▶ [INFORMATION PROVIDED]:
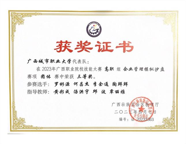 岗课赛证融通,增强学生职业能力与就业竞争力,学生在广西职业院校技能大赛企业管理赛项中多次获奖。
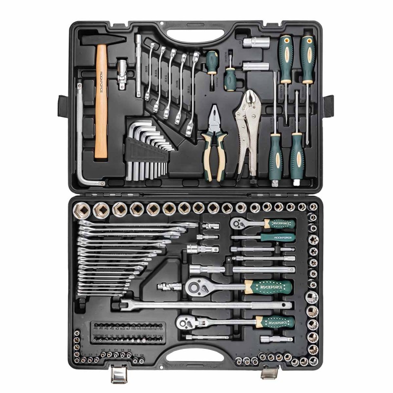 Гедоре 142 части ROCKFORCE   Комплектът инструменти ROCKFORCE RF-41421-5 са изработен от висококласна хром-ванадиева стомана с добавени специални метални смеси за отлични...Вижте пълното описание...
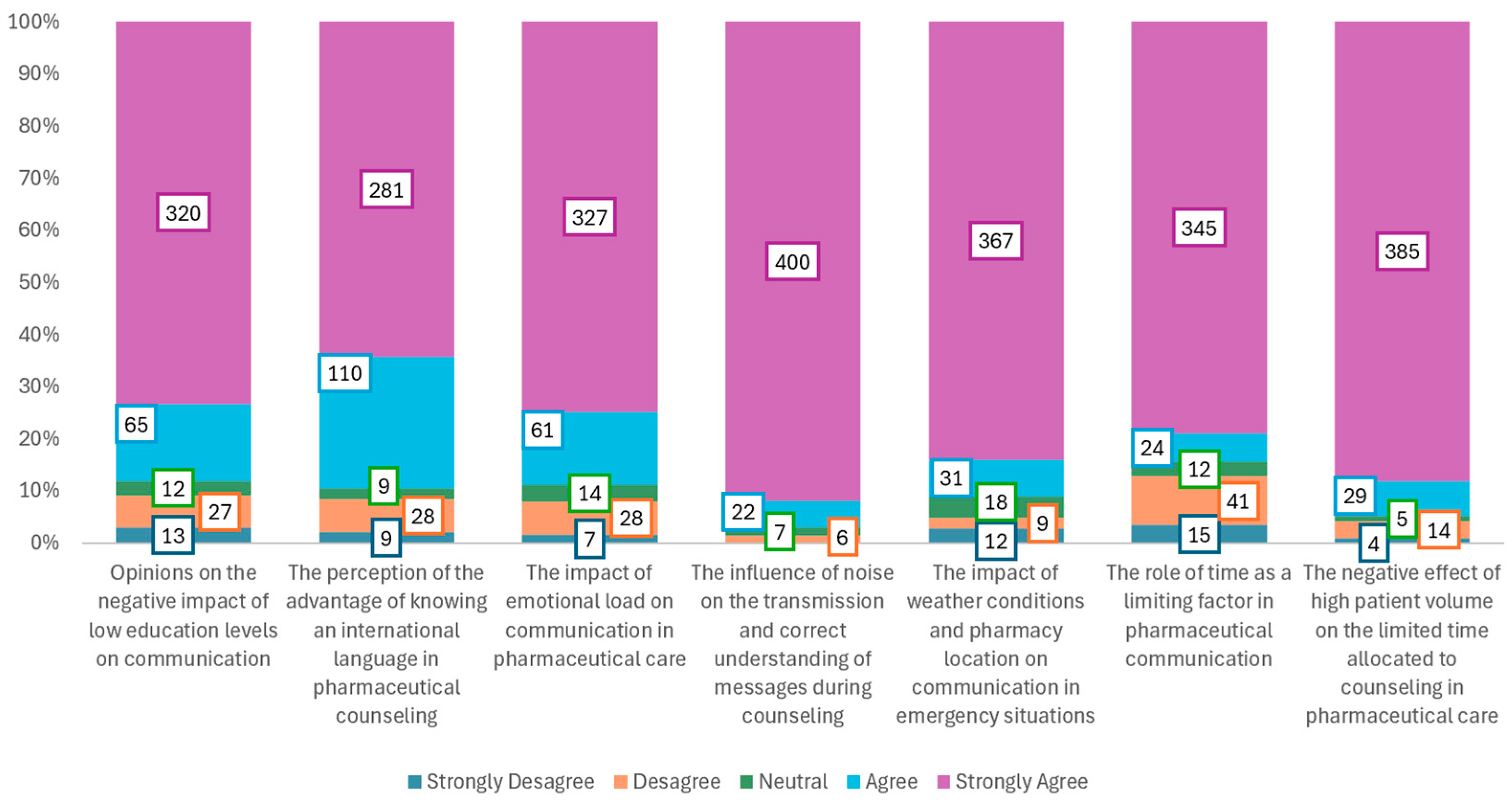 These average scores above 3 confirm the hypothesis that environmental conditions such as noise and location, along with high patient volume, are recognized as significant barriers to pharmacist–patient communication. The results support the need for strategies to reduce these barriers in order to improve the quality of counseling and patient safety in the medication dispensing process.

---

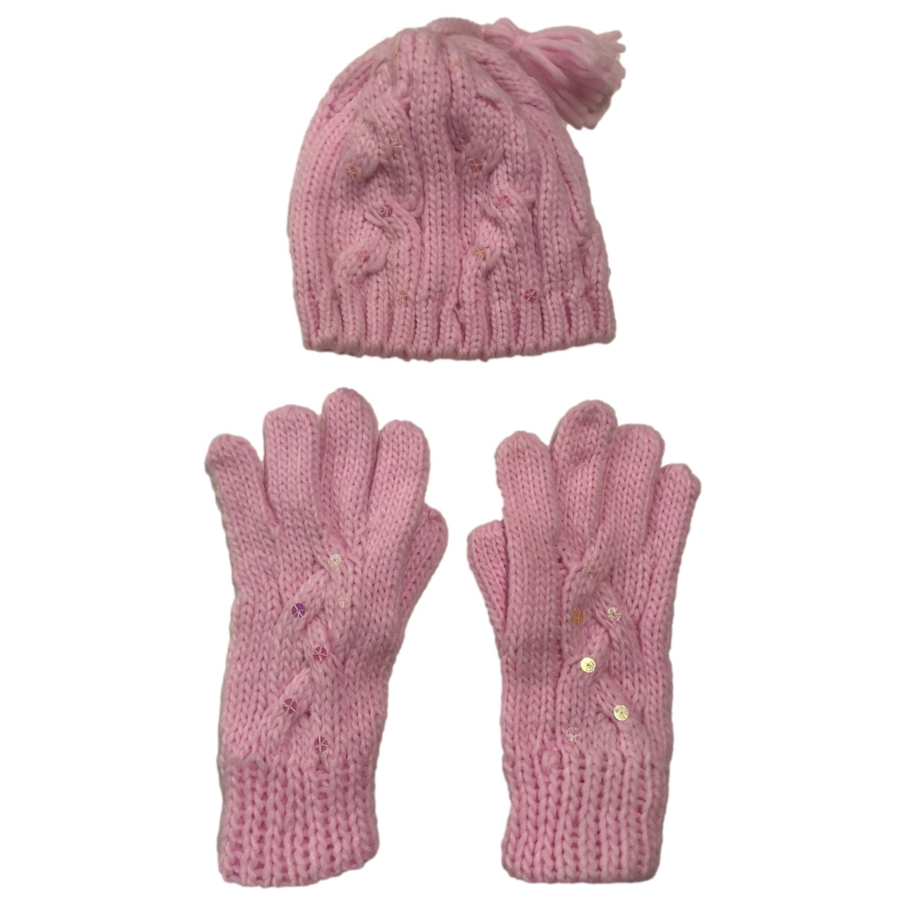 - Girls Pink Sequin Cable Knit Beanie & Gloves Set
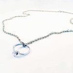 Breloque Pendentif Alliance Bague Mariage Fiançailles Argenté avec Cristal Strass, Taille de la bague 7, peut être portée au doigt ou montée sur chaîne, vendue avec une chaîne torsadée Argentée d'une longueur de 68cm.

...

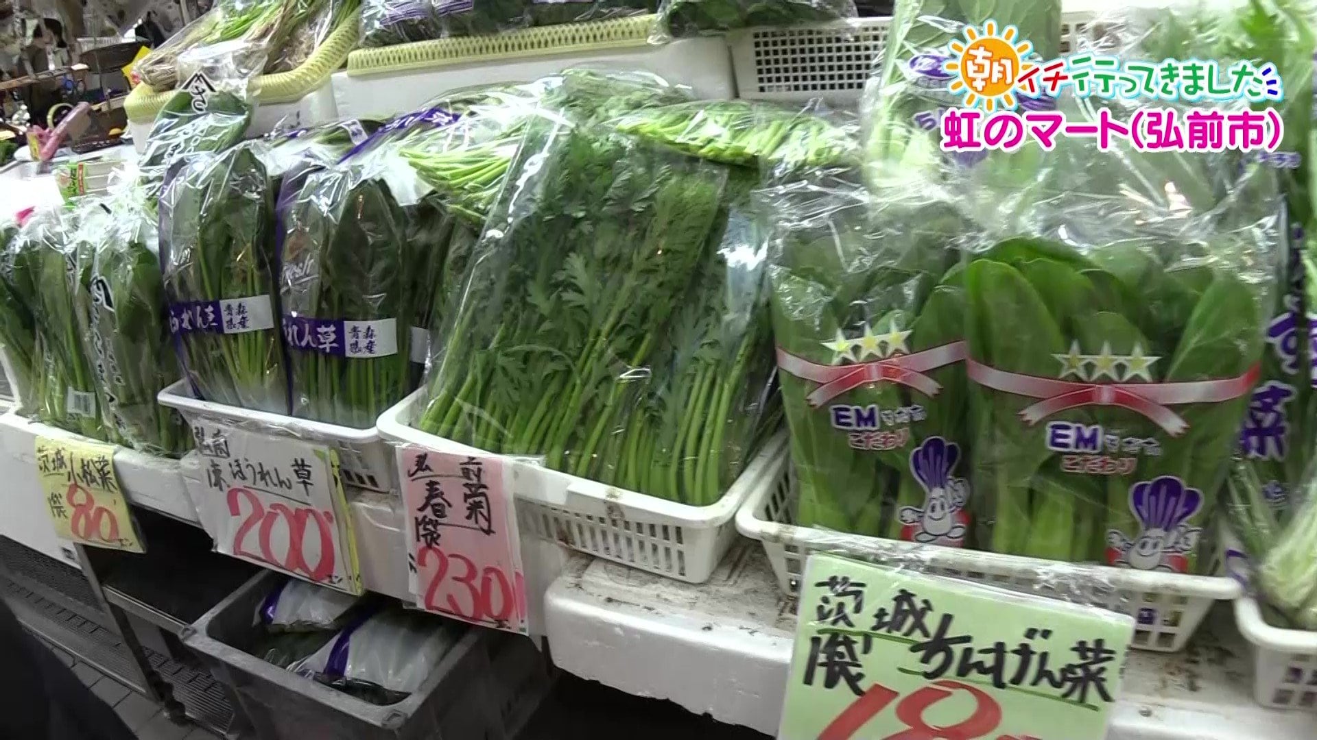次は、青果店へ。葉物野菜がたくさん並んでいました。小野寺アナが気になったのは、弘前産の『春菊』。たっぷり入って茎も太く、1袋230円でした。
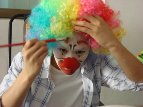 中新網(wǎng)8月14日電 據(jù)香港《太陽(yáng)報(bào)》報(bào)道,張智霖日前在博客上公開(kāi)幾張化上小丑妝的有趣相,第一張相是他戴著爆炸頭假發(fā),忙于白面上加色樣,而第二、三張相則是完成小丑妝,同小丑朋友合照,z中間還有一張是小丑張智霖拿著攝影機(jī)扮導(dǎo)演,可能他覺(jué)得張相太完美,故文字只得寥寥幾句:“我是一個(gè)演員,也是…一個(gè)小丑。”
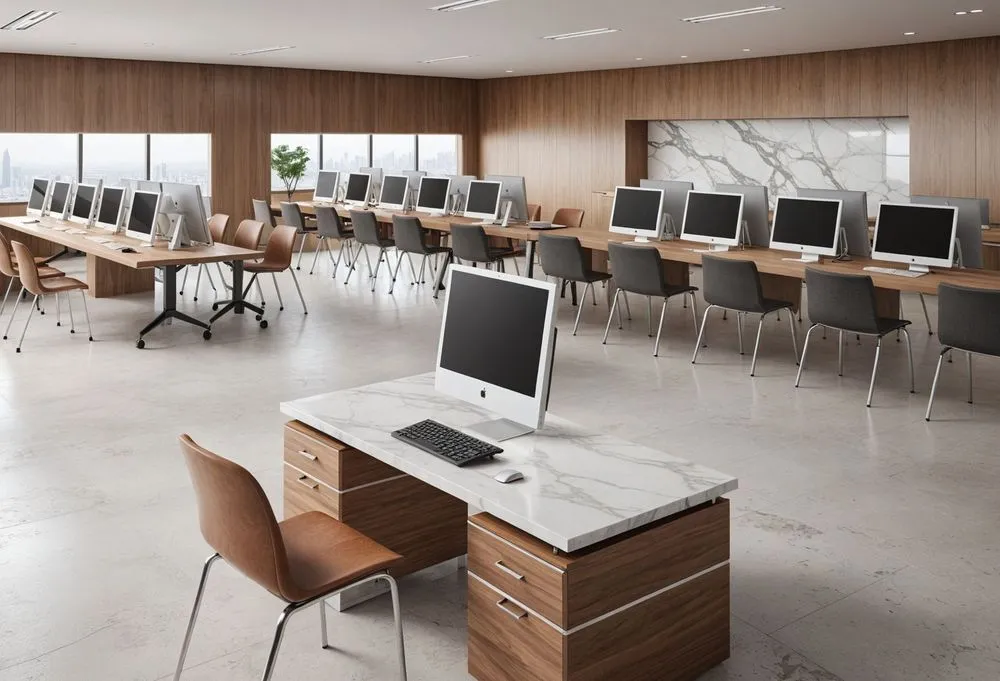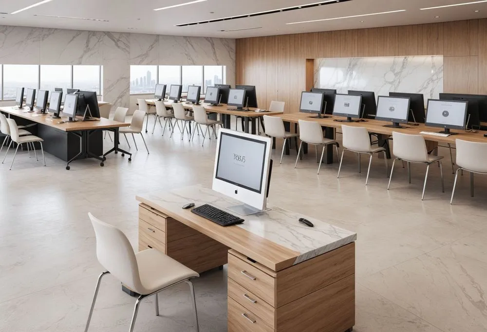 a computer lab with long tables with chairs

▶ [WHAT THE EXERCISE ASKS]:
Whatever pictures the records hold, omit them; give again exactly the lines from the one containing "岗课赛证融通,增强学生职业能" through the one containing "Гедоре 142 части".

▶ [ANSWER SPACE]:
 岗课赛证融通,增强学生职业能力与就业竞争力,学生在广西职业院校技能大赛企业管理赛项中多次获奖。
 Гедоре 142 части ROCKFORCE   Комплектът инструменти ROCKFORCE RF-41421-5 са изработен от висококласна хром-ванадиева стомана с добавени специални метални смеси за отлични...Вижте пълното описание...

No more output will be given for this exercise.